Availability: As Cooney starts crossing names off the waitlist, she says she’s “calling families who have been waiting since winter 2020 or spring 2021.”
Silver bullet fix: Cooney says a complete “culture change” around childcare is needed to solve the problems northern Michigan is facing. “The issue is a belief that early childhood isn't really important,” she explains. “It's ‘important,’ in that parents need a place for their kids to be while they work. But it's not ‘important’ as a need for a child to grow and develop. If the majority of the community understood the importance of early childhood to a developing child, most of our issues would be fixed. But the culture is that we’re a babysitting industry, and that parents are just looking for people to watch their kids..”

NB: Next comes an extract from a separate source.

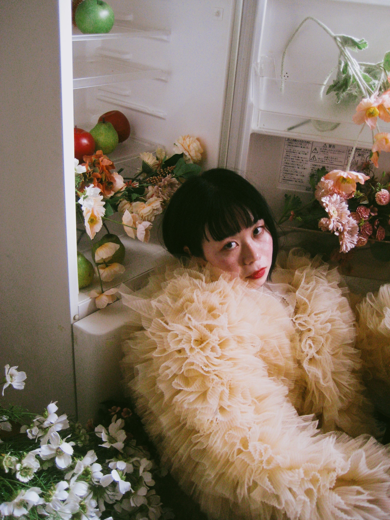 私は冷蔵庫から生まれてきた女神という謎設定にて、冷蔵庫周りを生かしたフォトブースを作ってみました!(笑)

Industry future: “That’s a tough question for me, because I’m leaving,” Cooney says, admitting that she’s so “burned out” with the childcare industry that she’s stepping down from Angel Care this year. “We’ve done a lot of work as a center here [to make a difference],” she adds. “We've raised compensation to a point where it’s going to help people not live in poverty anymore; they're going to be able to have housing, and a car, and maybe the gas that goes with it. But that's not happening everywhere. And until that happens everywhere, this problem is not going to change.”